マーケティングとは、人付き合い。 炎上事例から学ぶ、DE&Iへの向き合い方【後編】


【解説】社会編集力は「新しいリアリティの創造」

 目に見える、見えないに関わらず、障がいを持つ人の割合は米国では人口の約26%(4人に1人)、日本では約8%と言われています。超高齢化や閉塞的な社会の雰囲気、そして世界的な様々な危機が背景にある今、自分自身なのか、家族なのか、友人なのか、同僚なのか……障がいや何かしらのマイノリティの側面は、すべての人にとってさらに身近なものとなってきています。

 しかしながら、どうしてもメディアでの表現は、マイノリティの経験を犠牲にするような「インスピレーション・ポルノ(感動ポルノ)」に傾注しがちであるという事実は否めないように感じています。

出典:ニールセン「障害の可視化。広告における障害者の描写」

 影響力を持つ企業やメディアは、多様性を前提とする今日、ポジティブにもネガティブにも「社会を編集する力が強い」ことを自覚する必要があると、対談の中で澤田さんが強く述べています。そして、「社会編集力は新しいリアリティの創造」というキーワードも出てきました。マイノリティの視点から世界を見たときに、今まで見えなかった新しいリアルな世界を表現できる可能性を、メディアや企業側は多く持ち合わせています。

 本質的な当事者起点のアプローチによって、世界の方から当事者に歩み寄れる環境を創ることができるかもしれません。
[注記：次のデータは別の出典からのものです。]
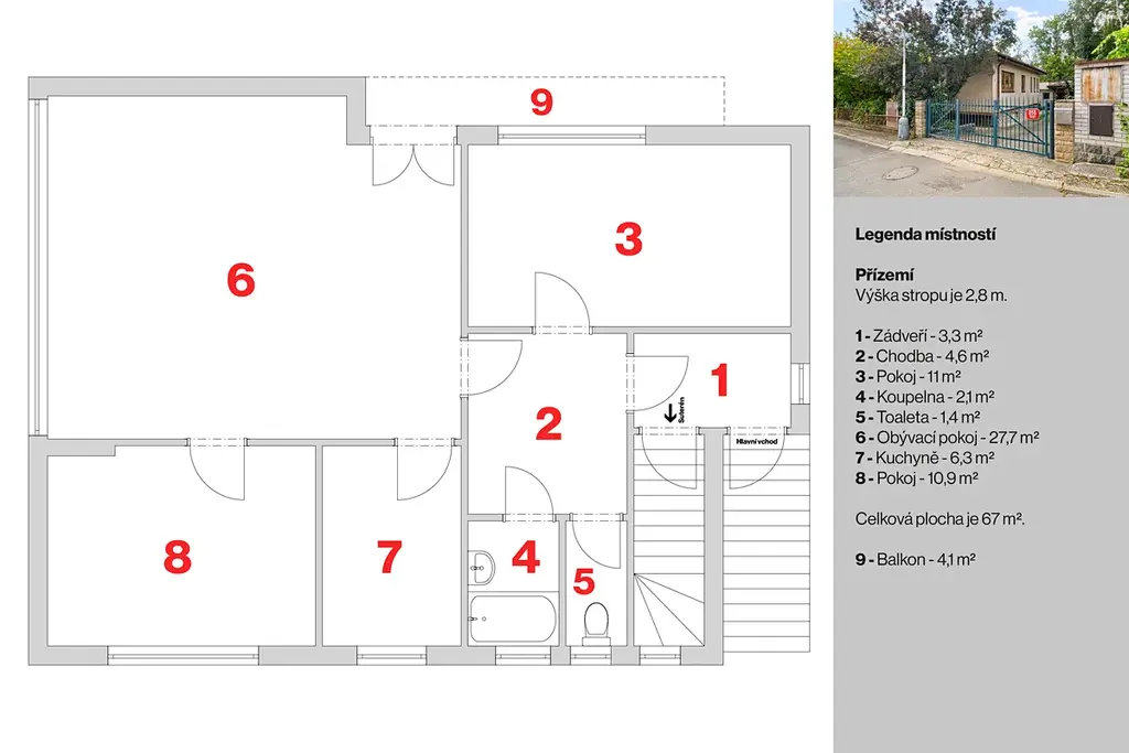 Rozlehlý pozemek a umístění domu s přístavbou na pozemku dává možnost dalšího využití, přestavby domu.
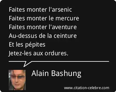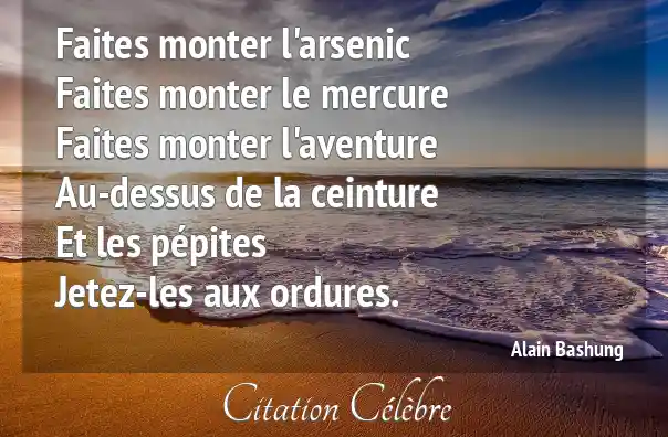 Faites monter l'arsenicFaites monter le mercureFaites monter l'aventureAu-dessus de la ceintureEt les pépitesJetez-les aux ordures.
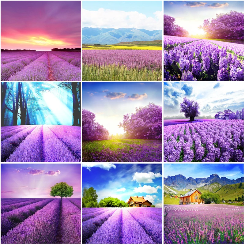 Алмазная 5D живопись сделай сам, вышивка с лавандовым полем, полная выкладка, мозаика из страз, домашний декор, вышивка крестиком
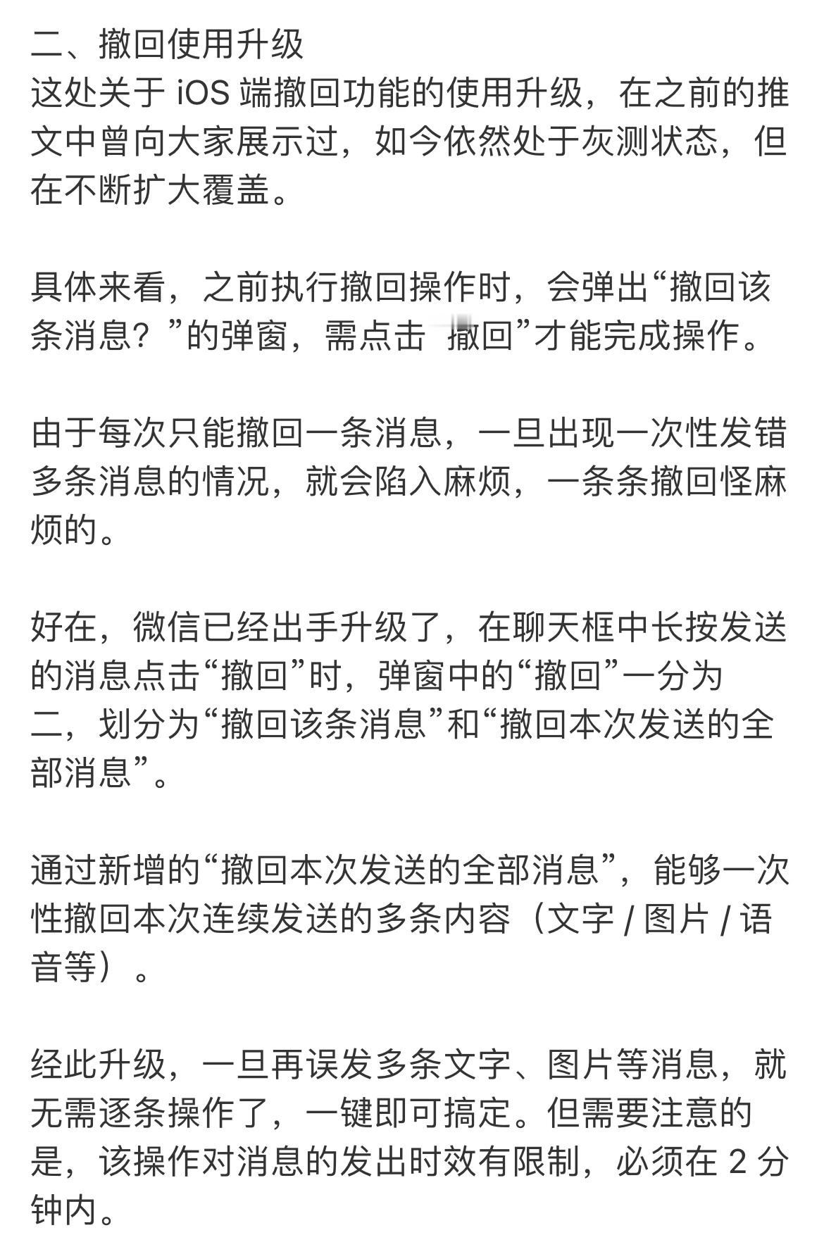 微信在近期启动了多项灰度测试,三个新功能悄然上线中:群聊彻底勿扰、一键全部撤回、存储空间。个人感觉都是很需要[委屈],另外想问问消息撤回能不能不要提醒对方?你猜我为什么撤回呢….[委屈][委屈]
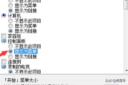 4、然后在打开的窗口中找到控制面板,选择“显示为菜单”选项,完成后,点击确定。
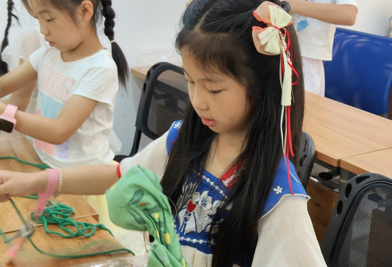活动过程中,志愿者为孩子们讲解了中医药的发展历史和治疗理念,使他们能够更全面地了解中医药的文化底蕴。为在实践中切身体会中医药、感受中医药,在志愿者的引导下,孩子们纷纷拿起艾草包、麻绳等材料制作艾草按摩锤这一传统养生工具。经过手工制作,孩子们更深入地了解炮制技艺、配伍原则以及药材的采集和鉴别方法,从而加深了对中医药文化的认识和尊重。

澤田さんの言葉から得られたヒントを元に、2つの切り口から「新しいリアリティを創造する」社会編集力に必要な要素を考察したいと思います。

「令和元年版 障害者白書(全文)(PDF版)」

1、「人付き合い」のためには、徹底的に知る責任が伴う

 ニールセンの調査では、障がいを持つ人の50%近くが、テレビで自分のアイデンティティグループが十分に表現されていないと感じていることがわかっています。マジョリティが一方的に表現するマイノリティは、本質的な視点を捉えていない可能性が高い事実が現れています。

出典:ニールセン「障がい者のインクルージョン・ギャップを解消するために」

 「人間の悩みは、すべて対人関係の悩みである」という概念は、心理学者のアルフレッド・アドラーの根底に流れるものです(出典:『幸せになる勇気』ダイヤモンド社)。澤田さんの言葉を借りるのならば、DE&Iを軸に新たな社会を編集したいと考えるマーケターは、まずは「人付き合い」のあり方を一度振り返る必要があるかもしれません。対人関係において、自分自身が一人の人間として、そして多様な個人それぞれの「その人らしさ」を受け入れ尊重することができるのか。その理論的帰結は「他者の関心事に関心を寄せる」ことである(*4)と、前途のアドラーの概念からは述べられています。

 息子さんの障がいがきっかけで、障がいを持つ方の視点を「知りたい」とリサーチを始めた澤田さんは、200人以上の当事者と実際に会っています。当事者の関心に寄り添った徹底的なリサーチのうえでしか見えない、当事者視点があるように思います。誰もが当たり前の生活を営む中で見つめる、その人にしか見えない「関心ごと」を見つめること。そこに新しいリアリティ創造のヒントが隠されているのではないでしょうか。

2、責任(レスポンス+アビリティ=応答可能性)のためは、継続的な対話が必須 

 責任という言葉は、英語では「レスポンシビリティ(responsibility)」ですが、これは「 response」と「ability」を組み合わせた「応答+可能性」という、キリスト教の概念がその源であると言われています。つまり責任を持つことは、誰かや何かの声や呼びかけに反応、応答できる可能性を示しています。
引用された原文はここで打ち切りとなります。